Everyone who knows me thinks I'm a terrible liar -- it is a big joke among my family and friends how bad I am at it. But, in truth, I'm an awesome liar, and my trick is making people think I'm a bad one so they don't suspect me when I actually am lying..... I rarely use this btw....but I definitely keep it as an ace up the sleeve. __________________________ OK, NOW GIB WIMBY!!!
In high school I was friends with someone my cousin had beef with. One day 3 girls wanted to hang out with the 3 of us, so they put their differences aside for the greater good. We all hung out at the other guy's parents house. I never had any issues with him whatsoever, and he even let me use his bed so I could hook up with this girl. After I was done I was looking for a restroom downstairs and walked into the laundry room. He had just finished washing a load of white collared shirts he was required to wear for school. For no reason at all I decided to get revenge for my cousin and I pissed all over his clean clothes, then went home.

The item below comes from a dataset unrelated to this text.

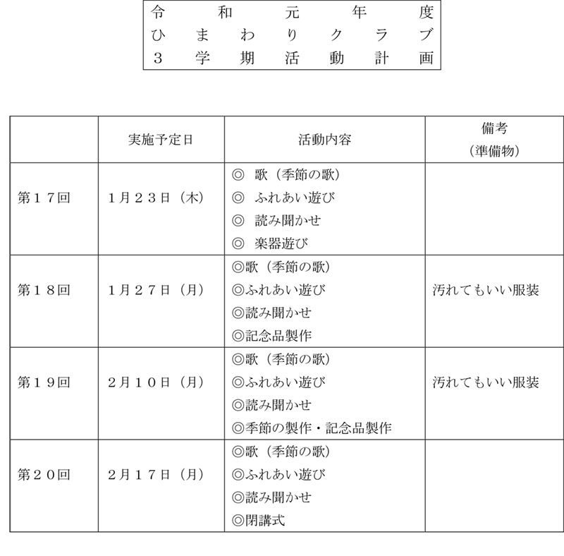 未就園児教室(ひまわりクラブ)3学期活動計画は上記のとおりです。

I let the cat outside of the house because he kept pissing and ******** on everything, and told the family I took him to an Old Folks Home. That ****er ran down the street and I laughed. Please forgive me Dear Lord, and let us get Wemby.
I've probably spent at least 70% of all of my time in work at any job I've ever had since I was 14 high as a mother****er on weed. I'm 40 soon and have been in management positions for most of the last 20 years.
I confess that whoever we end up drafting I’ll have convinced myself by the end of the night that he’s the best prospect in the class.